Charity comes to Bath after having recently ended an engagement with her fiancé: he fell in love with another woman, and she was kind enough to release him from his promise to her. She travels to Bath with her grandmother to take part in the summer music festival. Charity not only plays the pianoforte but writes her own music. She plans to enter the music festival to show off her skills, although there are a few snags to this plan along the way.

Charity’s music, however, is unbearable for Hugh, as their homes are so close together that the sound of her piano playing triggers his headaches. Thus, when they first meet, it is when Hugh has suffered from an attack and rudely asks Charity to stop playing so he can have some peace and quiet. Charity, unsurprisingly, doesn’t take his command to stop playing well. The two start out on an awkward footing, one assuming he is an unmitigated ass, the other just wanting to be alone and in silence.

The strengths of this novel lie in the depiction of the hero, Hugh: his attacks are described in heartrending detail, making his brusque and rude behavior toward Charity plausible and even sympathetic. He believes himself a broken man and undeserving of a woman like Charity. I enjoyed watching Hugh come alive again with Charity’s help and overcoming his fears to embrace love and companionship.

Charity, however, remains a rather static character throughout the story, and quite honestly, I wanted to shake her more than once. She’s rather sweet and naïve, devoted to her music and not much else. Misunderstandings abound, usually with Charity taking offense without examining why Hugh is acting strangely. When Hugh opens up to her but then later leaves abruptly during a party when Charity is urged to play, she takes offense and assumes the worst. Hugh explains his infirmity, Charity feels guilty, rinse, repeat. Charity continues to assume the worst in Hugh, and this happens again and again as the novel progresses.

The novel also suffers from lack of actual romance in the first third, which features more of Charity and her two friends and fellow musicians, Sophie and May, than it does her relationship with Hugh. May, in particular, and her history is beyond farfetched to me. You see, May was born in the East Indies, grew up there, and is sent to Bath after her mother dies. May, we come to find out, is actually named Mei-li, although she is described as the quintessential English rose; neither of her parents is Chinese. Add to that, she describes her homeland as the East Indies—not England, as she does not consider herself English—and May becomes one of the most improbable characters I’ve encountered in a novel.

You will never convince me a 19th century English couple would name their daughter a Chinese name just out of sheer love for the country they’ve been sent to colonize. It’s a bizarre choice and threw me from the story, not to mention the sugarcoating of English colonization that results from this choice. There is also this weird blending of India and China into one mega-country, which seems odd considering how devoted May is to her “homeland” of China, which makes this entire part of the novel seem sloppy and unbelievable.

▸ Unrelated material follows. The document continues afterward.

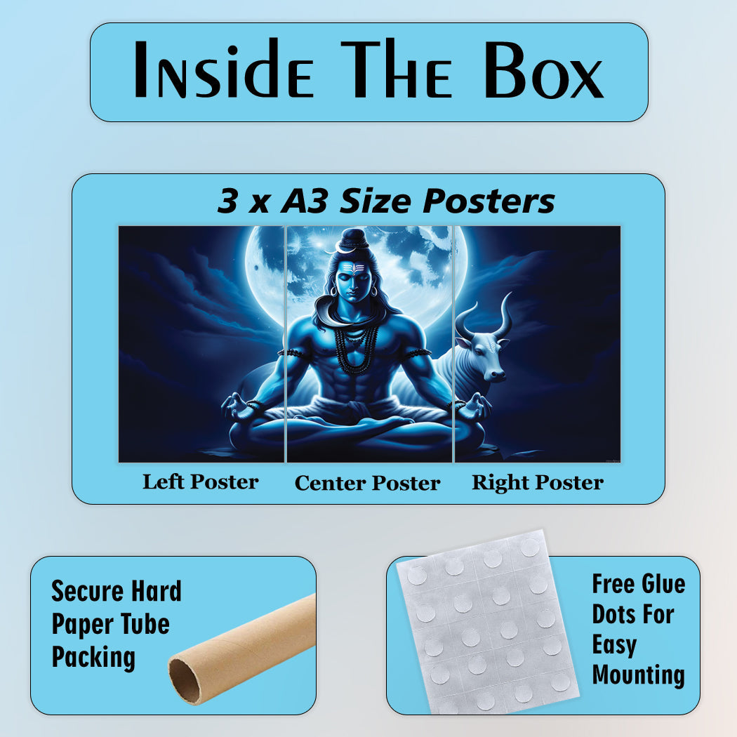 - 🎨 Design: Lord Shiva Spiritual Wall Art (Set of 3 Posters)

And the crème de la crème of this exotification is that May has brought along her Chinese maid Suyin (who we never see, mind you), who just so happens to be an expert in tui na, a type of Chinese massage. Of course, Suyin the Chinese maid is a magical masseuse from the East Indies. And conveniently, Suyin is able to teach Charity her massage techniques to help Hugh with his attacks. Convenient, those foreigners.

Overall, though, I enjoyed Charity and Hugh’s romance, as it was both sweet and heartwarming once they stopped misunderstanding each other. The parts where they talk on their respective balconies are the strongest and most romantic parts of this story, especially when Charity plays for Hugh. The story remained a solid B until the ending that brought in conflict for conflict’s sake mixed in with one of the most obnoxious romance tropes ever, a trope I wish would be banned for all eternity from romances.

So, with all that combined, I have to give The Baron Next Door a C+.